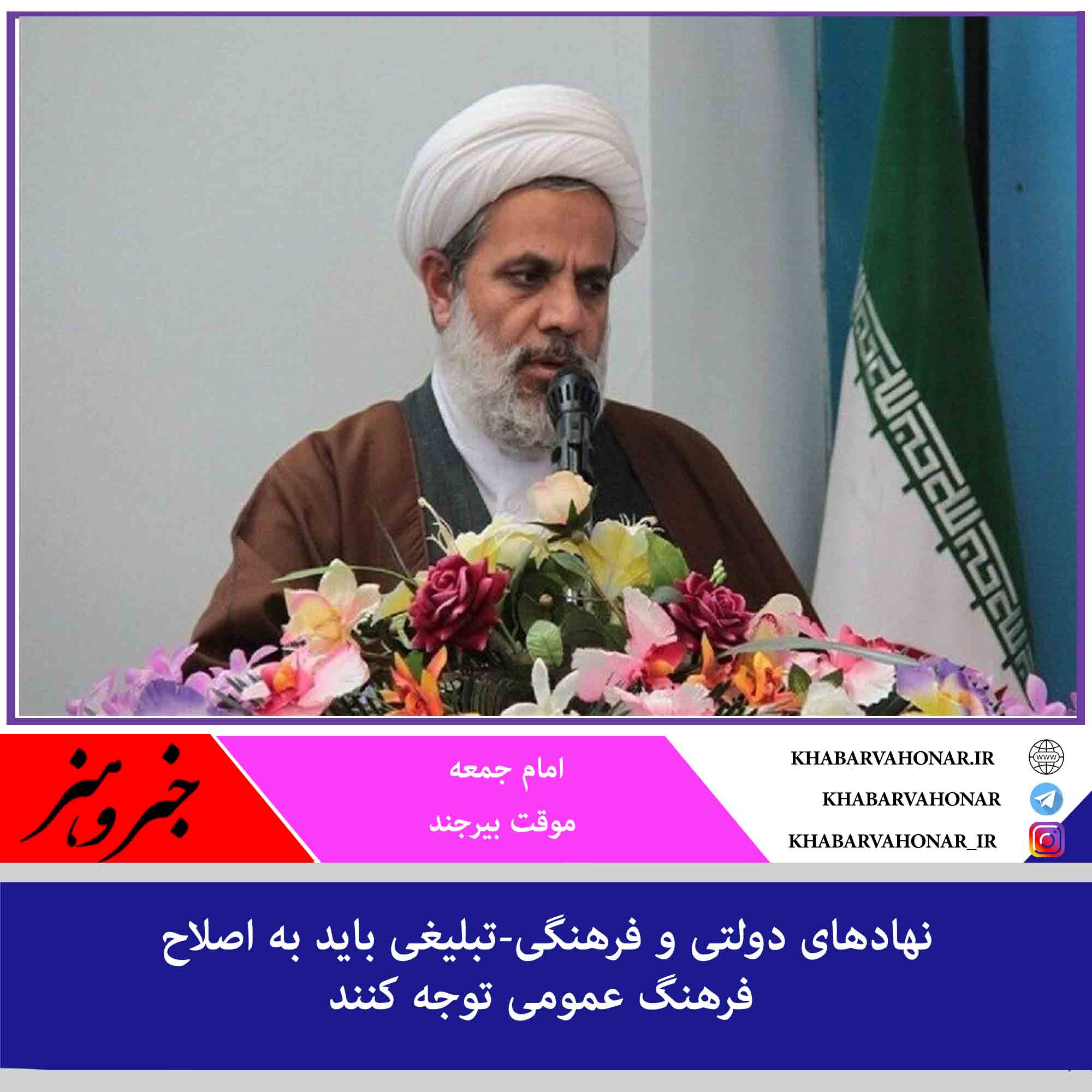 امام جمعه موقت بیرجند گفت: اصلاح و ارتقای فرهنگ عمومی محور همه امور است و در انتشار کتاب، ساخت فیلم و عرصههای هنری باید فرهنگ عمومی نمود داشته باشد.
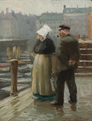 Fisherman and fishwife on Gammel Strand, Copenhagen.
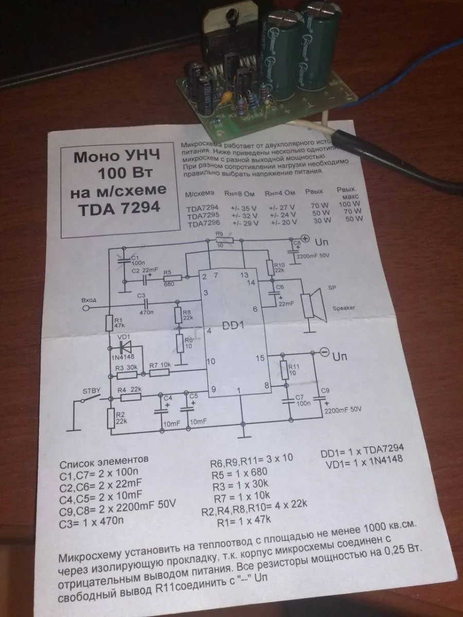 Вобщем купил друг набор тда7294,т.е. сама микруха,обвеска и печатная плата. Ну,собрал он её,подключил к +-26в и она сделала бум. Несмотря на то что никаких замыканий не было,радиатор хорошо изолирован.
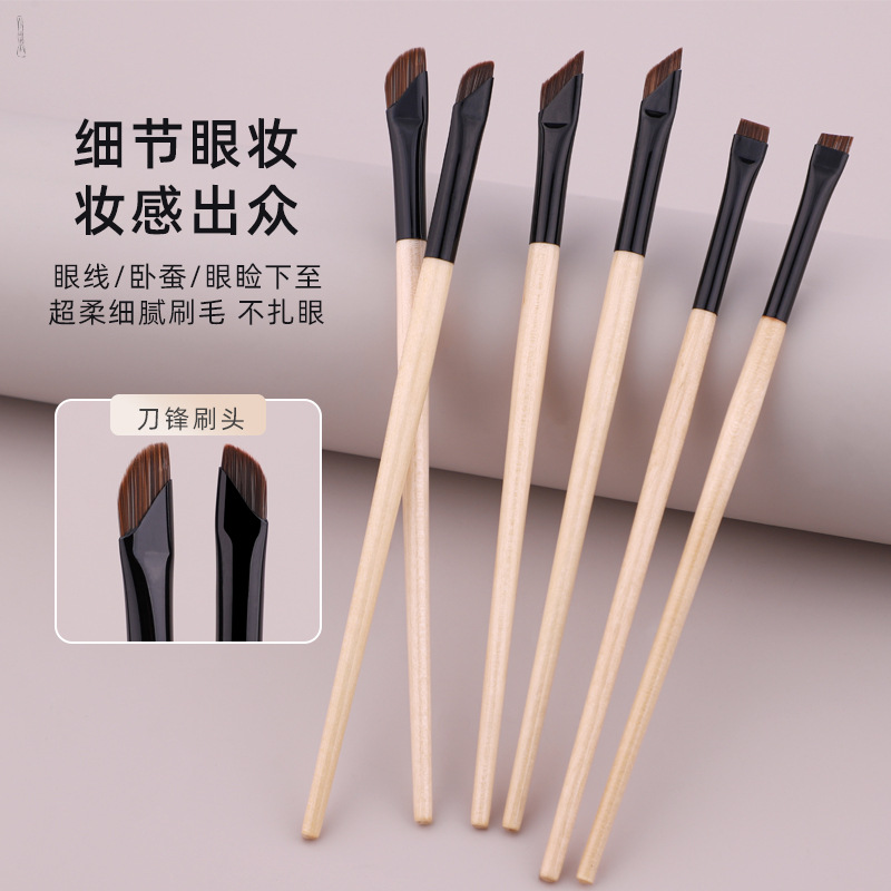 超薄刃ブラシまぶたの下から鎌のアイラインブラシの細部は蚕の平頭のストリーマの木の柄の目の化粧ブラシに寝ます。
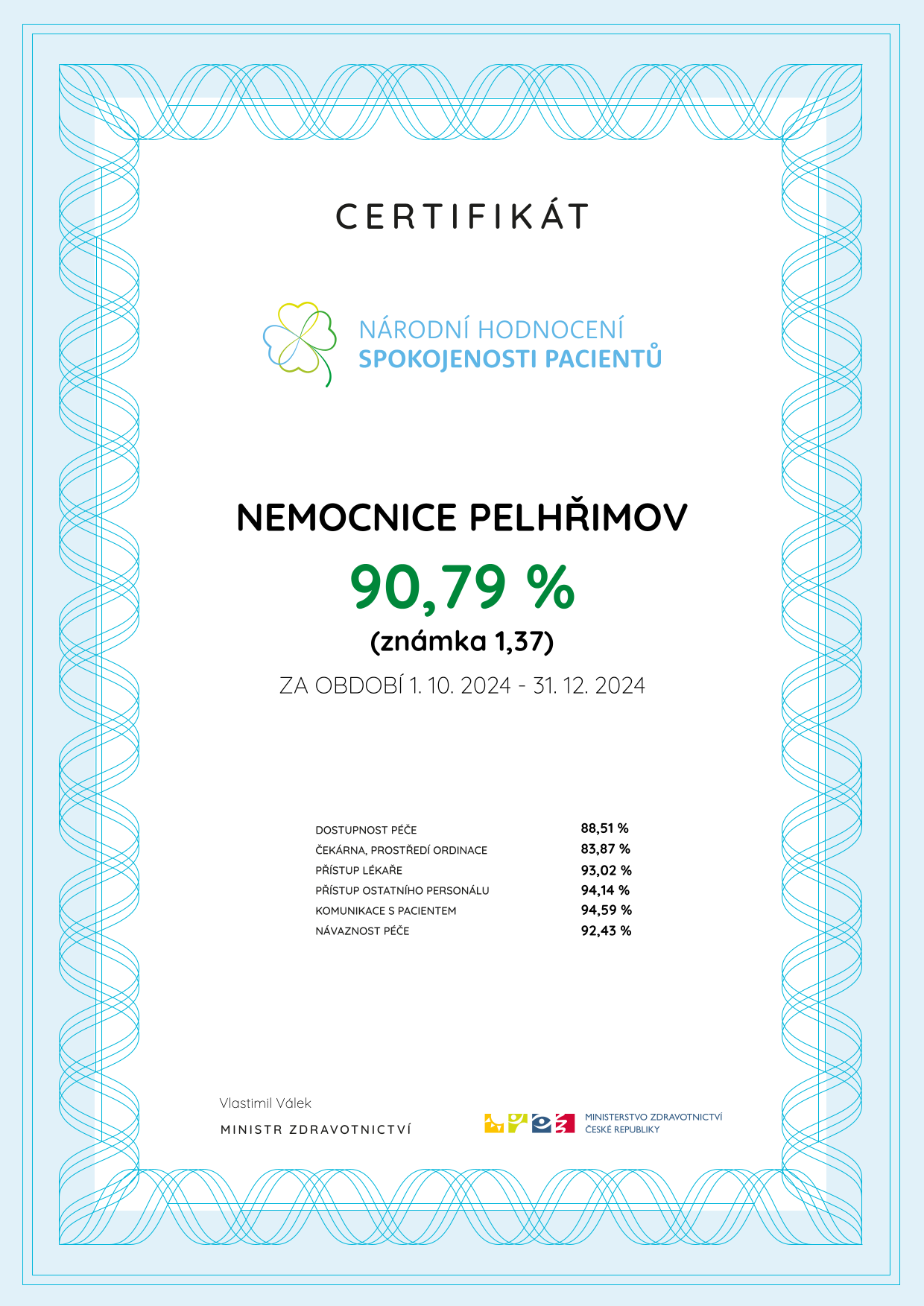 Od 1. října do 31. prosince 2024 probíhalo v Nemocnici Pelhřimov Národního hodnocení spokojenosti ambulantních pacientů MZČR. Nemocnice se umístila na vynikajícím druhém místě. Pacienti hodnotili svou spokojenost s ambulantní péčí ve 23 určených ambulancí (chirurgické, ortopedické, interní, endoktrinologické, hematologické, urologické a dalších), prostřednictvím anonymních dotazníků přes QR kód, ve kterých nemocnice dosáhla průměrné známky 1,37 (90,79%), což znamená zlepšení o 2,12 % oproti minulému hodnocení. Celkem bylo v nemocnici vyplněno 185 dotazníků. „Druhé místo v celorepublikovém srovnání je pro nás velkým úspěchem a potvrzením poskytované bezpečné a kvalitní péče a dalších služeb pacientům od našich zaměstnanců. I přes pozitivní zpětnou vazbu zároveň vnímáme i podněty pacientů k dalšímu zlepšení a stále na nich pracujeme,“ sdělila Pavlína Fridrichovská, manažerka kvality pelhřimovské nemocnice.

■ **WHAT TO DO**
Copy all the data exactly as written, but skip any picture.

■ **EXPECTED ANSWER**
 امام جمعه موقت بیرجند گفت: اصلاح و ارتقای فرهنگ عمومی محور همه امور است و در انتشار کتاب، ساخت فیلم و عرصههای هنری باید فرهنگ عمومی نمود داشته باشد.
 Fisherman and fishwife on Gammel Strand, Copenhagen.
 Вобщем купил друг набор тда7294,т.е. сама микруха,обвеска и печатная плата. Ну,собрал он её,подключил к +-26в и она сделала бум. Несмотря на то что никаких замыканий не было,радиатор хорошо изолирован.
 超薄刃ブラシまぶたの下から鎌のアイラインブラシの細部は蚕の平頭のストリーマの木の柄の目の化粧ブラシに寝ます。
 Od 1. října do 31. prosince 2024 probíhalo v Nemocnici Pelhřimov Národního hodnocení spokojenosti ambulantních pacientů MZČR. Nemocnice se umístila na vynikajícím druhém místě. Pacienti hodnotili svou spokojenost s ambulantní péčí ve 23 určených ambulancí (chirurgické, ortopedické, interní, endoktrinologické, hematologické, urologické a dalších), prostřednictvím anonymních dotazníků přes QR kód, ve kterých nemocnice dosáhla průměrné známky 1,37 (90,79%), což znamená zlepšení o 2,12 % oproti minulému hodnocení. Celkem bylo v nemocnici vyplněno 185 dotazníků. „Druhé místo v celorepublikovém srovnání je pro nás velkým úspěchem a potvrzením poskytované bezpečné a kvalitní péče a dalších služeb pacientům od našich zaměstnanců. I přes pozitivní zpětnou vazbu zároveň vnímáme i podněty pacientů k dalšímu zlepšení a stále na nich pracujeme,“ sdělila Pavlína Fridrichovská, manažerka kvality pelhřimovské nemocnice.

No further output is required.